I barely remember Christmas, but really we didn’t do anything for the holidays because everyone was so emotionally and physically spent that it would have just been a burden. Back to work we went, and I had to keep working for the sister company. With no help on the other one, even though there were big job offers and opportunities happening.

 

I failed. And as of Thursday of last week, I was told that my little failure was going to get shut down. That being said, the hardest part of it all, is that I’m over 15 weeks pregnant with twins. And if I lose my job, I don’t get maternity leave… with twins.

 

I’m upset, stressed out, and at a loss as to what to do anymore. Nobody hires pregnant women, and I have to consider welfare. With twins on the way.

 

I took a gamble and lost, and there are some poor innocent souls that are going to pay the consequences of my stupid wish to try to make something more of my life than just working a nine to fiver.

 

I’m tired of the stress, I’m tired of nothing working right, no stability and no option to get out.

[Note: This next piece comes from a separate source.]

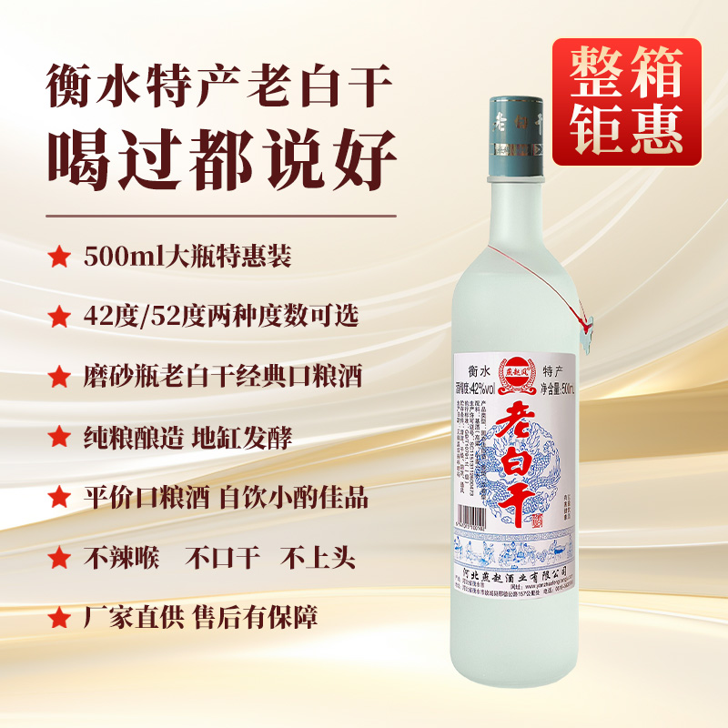 衡水特产酒老白干42/52度白酒整箱磨砂瓶装纯粮食浓香型特价酒水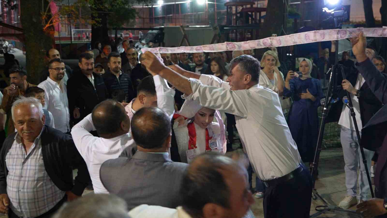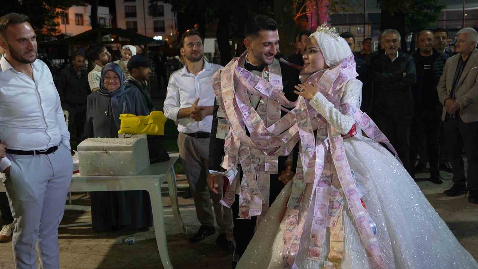Bilecik’te bir düğünde gelin ile damada boyu 15 metreye ulaşan para kurdelesi takıldı.

I’m fed up with people that don’t take responsibility for their actions and everything else that goes with it. I usually can think my way out of predicaments, but I’m burnt out and have nothing left to give.

 

I just want a job where I walk in do what I’m supposed to do and walk out at the end of the day. No extra projects, no glory, no respect, just work. I haven’t done any of my hobbies or done anything I consider a pleasure or had a mental break in over a year from my life, and now I’m suffering all around for it.

 

I want to come home and have the energy to make stuff, enjoy cooking, do a little dance in my shower before I get too big to do it safely. I want to have the time to actually think about and be excited about becoming a parent. I want less stress, not more. Because things are already upside down backwards sideways.

 

I can’t do construction for the duration of my pregnancy, as it’s really uncomfortable already. I just want to work in an office filing stuff, and maybe answering phones etc. But, who would be willing to take me on, and wasting money training me for their particular system, to lose me by late August?

 

I wish I had some sort of wisdom gained from all of this, other than when you take risks, sometimes it works, and other times it doesn’t. And when you fail, it hurts.

 

And when it comes to being a “strong person” people are there to listen to you, but will most likely never have answers to your crazy predicaments.